The majority’s approach—labeling some rights
substantive and important and others less so—will result in
uncertainty and produces contradictory results even in this
case. Delayed certification is supposedly substantive because it
“directly alters an employer’s legal duty and its employees’
associated substantive right.” Maj. Op. 40. On this reasoning,
the rule that postpones an election for some 20 days would also
be substantive because it necessarily postpones certification
15
and the attachment of the employer’s legal duty. Yet the
majority properly classifies the 20-day rule as procedural.
Because both rules have some effects or impacts on the parties’

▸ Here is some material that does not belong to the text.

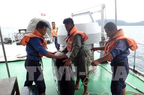 Lực lượng cứu hộ vớt được một chiếc bánh xe của máy bay quân sự bị mất tích ở ngoài khơi tỉnh Launglon ngày 8/6. THX/TTXVN

rights, the majority’s different treatment amounts to finding
one provision has more substantial effects than the other, in
contravention of our caselaw.
Most timelines for regulatory procedure have some impact
on substantive rights, but without a showing that the timeline
egregiously undermines those rights, we have accepted them as
an ordinary and essential aspect of agency procedures. Like the
20-day rule, the certification timing provision is a reasonable
procedural choice and notice and comment was not necessary.
E.
Election Observer Qualifications. From its earliest days,
the Board has allowed parties to have observers at elections as
a “courtesy” or “privilege.” 84 Fed. Reg. at 69,551. The Board
has held it is not an abuse of discretion to revoke this courtesy.
Id. Although the Board generally lets the parties select their
own observers, that practice is subject to limitations imposed
by the regional directors or the Board. To make this process
more transparent and efficient, the 2019 Rule provides that
“whenever possible, a party shall select a current member of
the voting unit as its observer, and when no such individual is
available, a party should select a current nonsupervisory
employee as its observer.” Id. at 69,552.

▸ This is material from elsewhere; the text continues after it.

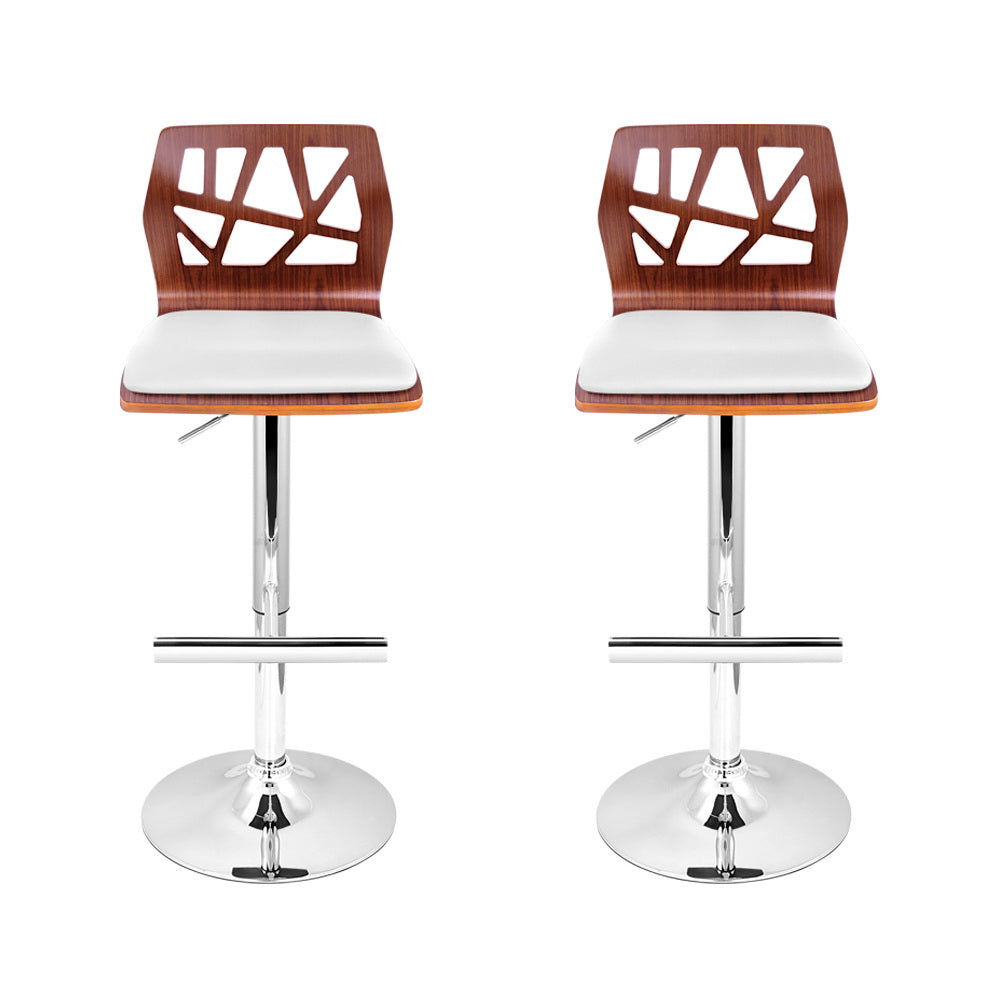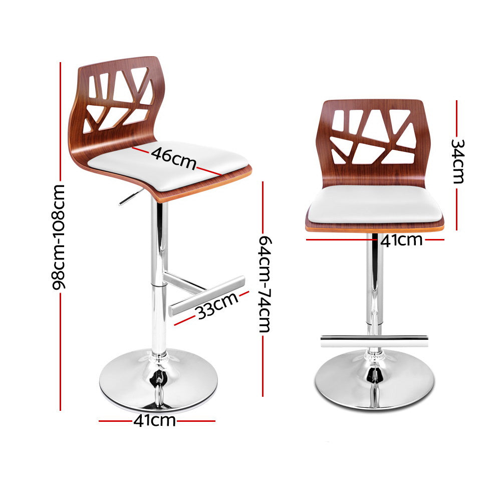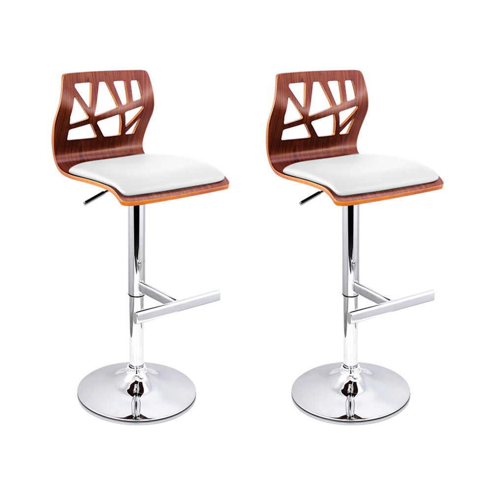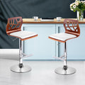 Artiss Set of 2 Wooden Gas Lift Bar Stools - White and Wood

This is a typical procedural rule. It streamlines a
discretionary process the Board has created to improve the
administration of elections. A rule is properly classified as
procedural if it addresses secondary conduct. The procedural
exception “covers agency actions that do not themselves alter
the rights or interests of parties, although it may alter the
manner in which the parties present themselves.” See JEM
16
Broad., 22 F.3d at 326 (quoting Batterton v. Marshall, 648 F.2d
694, 707 (D.C. Cir. 1980)). The “rights or interests of parties”
in this context means primary rights and interests, not an
interest in a particular kind of procedure. See id. at 328.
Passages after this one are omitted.